## Your objective
The copy must match the data below line for line and contain no images.

## Source material
>>>
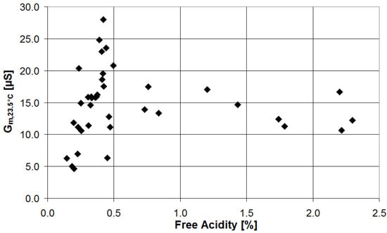 Scatter plot of the emulsion electrical conductance measured at 23.5 °C using the HAS reagent vs. free acidity for the subset of olive oil samples featuring a peroxide index < 20 meq O2/kg oil.
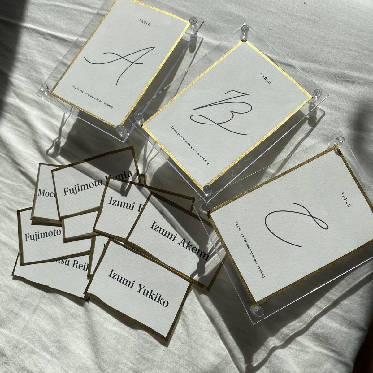 前撮りはプランについてる当日前撮りのみ、ウェルカムスペースは全て手作り。席札、テーブルナンバーも全て手作りしました。オープニングムービー、プロフィールムービーも友人に作ってもらいました。
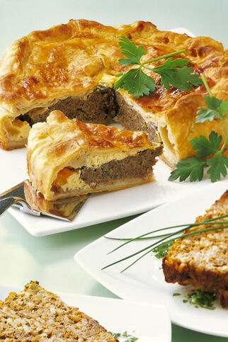 In den Teigdeckel in der Mitte solltest du ein Loch schneiden oder den ganzen Teigdeckel mit ein paar Schlitzen versehen, damit beim Garen der Dampf entweichen kann. Im Ofen wird das Gericht dann bei mittlerer Hitze gegart. Die Pastete aus dem Ofen nehmen und abkühlen lassen, dann aus der Form lösen und in Scheiben schneiden. Bei Pasteten, die kalt serviert werden, füllt man die beim Abkühlen entstehenden Hohlräume manchmal noch mit Gelee auf.
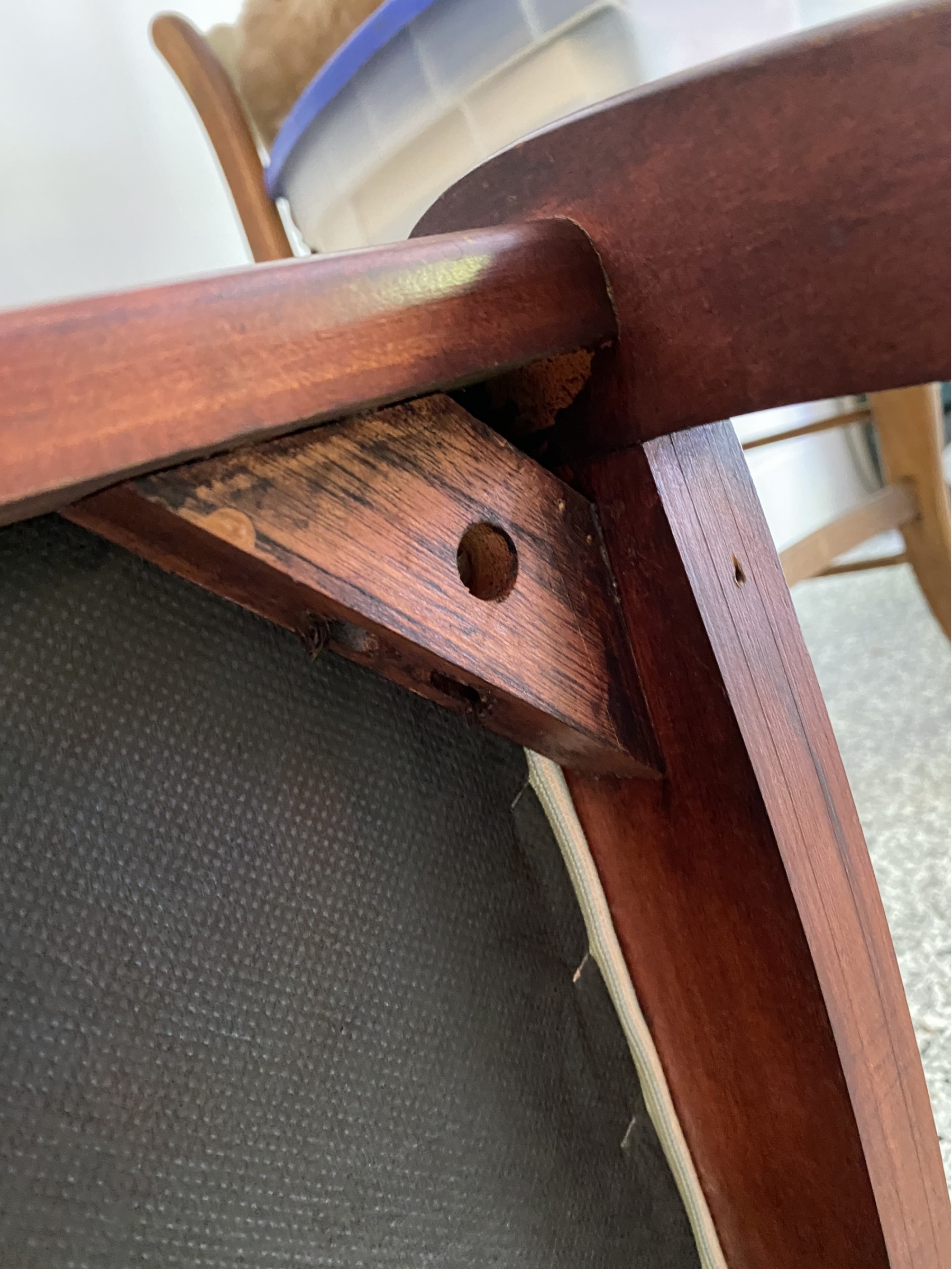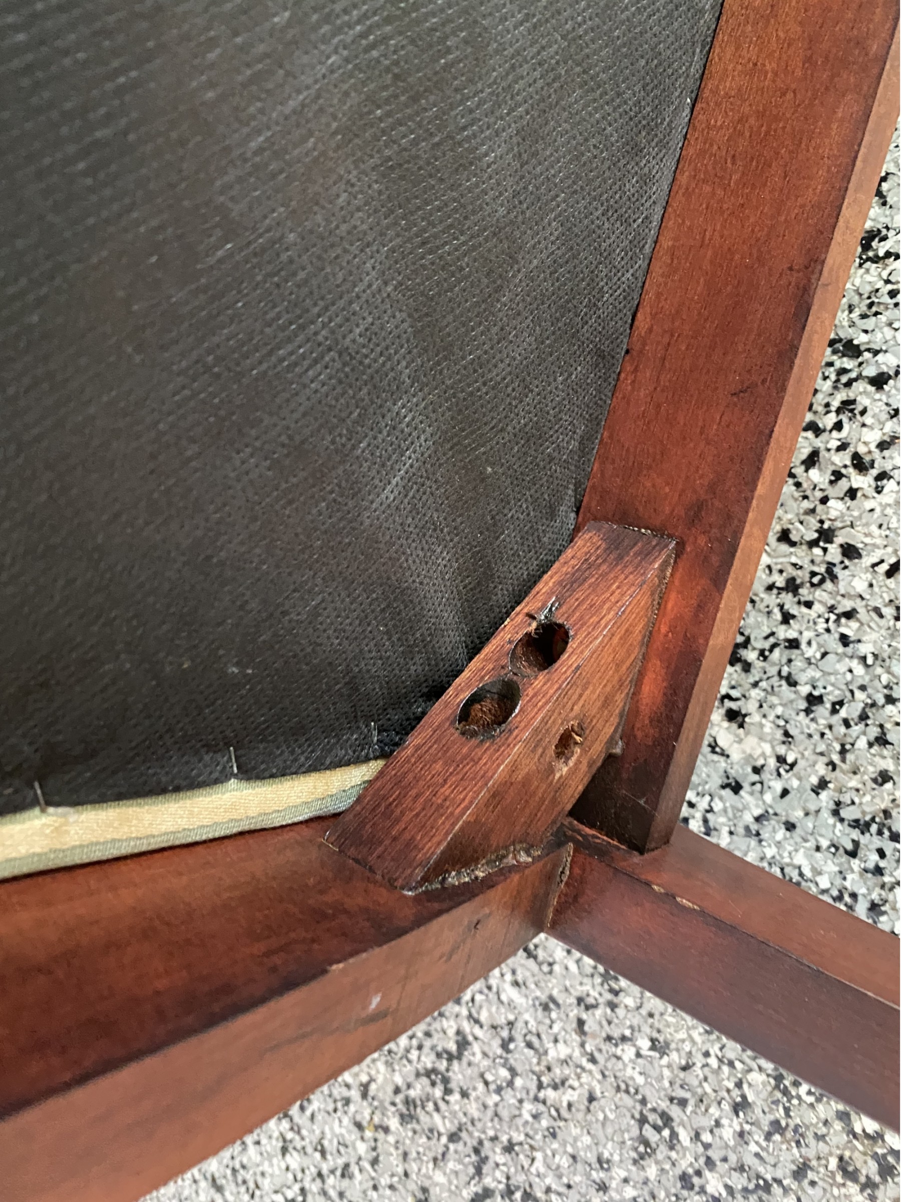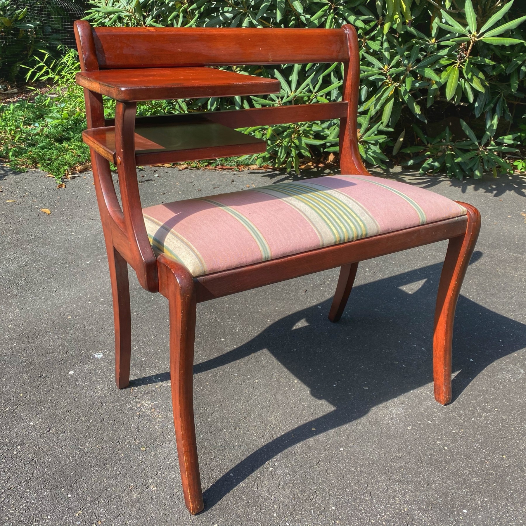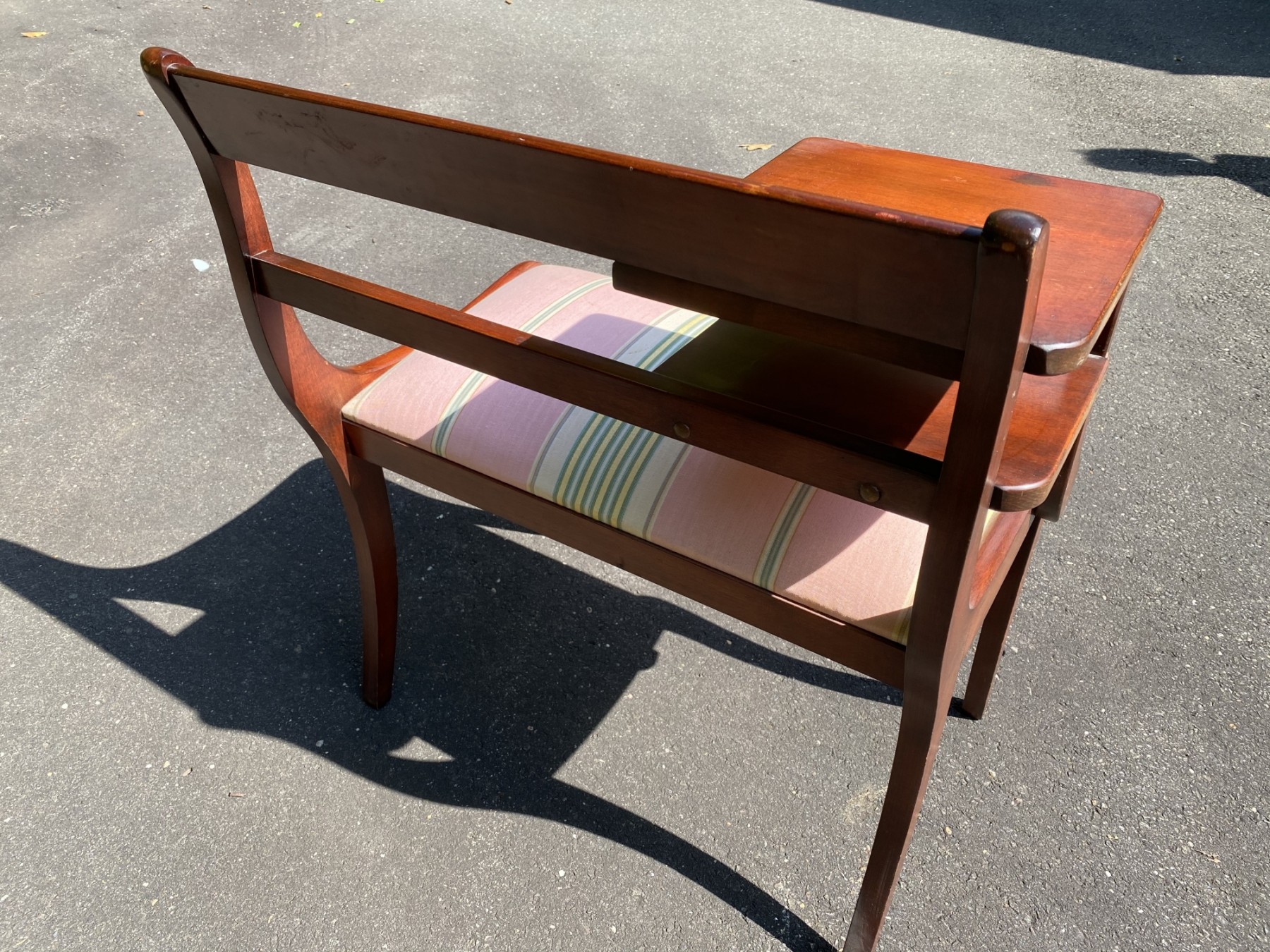 Good sturdy condition, some surface wear and light scratching to wood. Upholstery has some marks.
<<<
## Result of this exercise
 Scatter plot of the emulsion electrical conductance measured at 23.5 °C using the HAS reagent vs. free acidity for the subset of olive oil samples featuring a peroxide index < 20 meq O2/kg oil.
 前撮りはプランについてる当日前撮りのみ、ウェルカムスペースは全て手作り。席札、テーブルナンバーも全て手作りしました。オープニングムービー、プロフィールムービーも友人に作ってもらいました。
 In den Teigdeckel in der Mitte solltest du ein Loch schneiden oder den ganzen Teigdeckel mit ein paar Schlitzen versehen, damit beim Garen der Dampf entweichen kann. Im Ofen wird das Gericht dann bei mittlerer Hitze gegart. Die Pastete aus dem Ofen nehmen und abkühlen lassen, dann aus der Form lösen und in Scheiben schneiden. Bei Pasteten, die kalt serviert werden, füllt man die beim Abkühlen entstehenden Hohlräume manchmal noch mit Gelee auf.
 Good sturdy condition, some surface wear and light scratching to wood. Upholstery has some marks.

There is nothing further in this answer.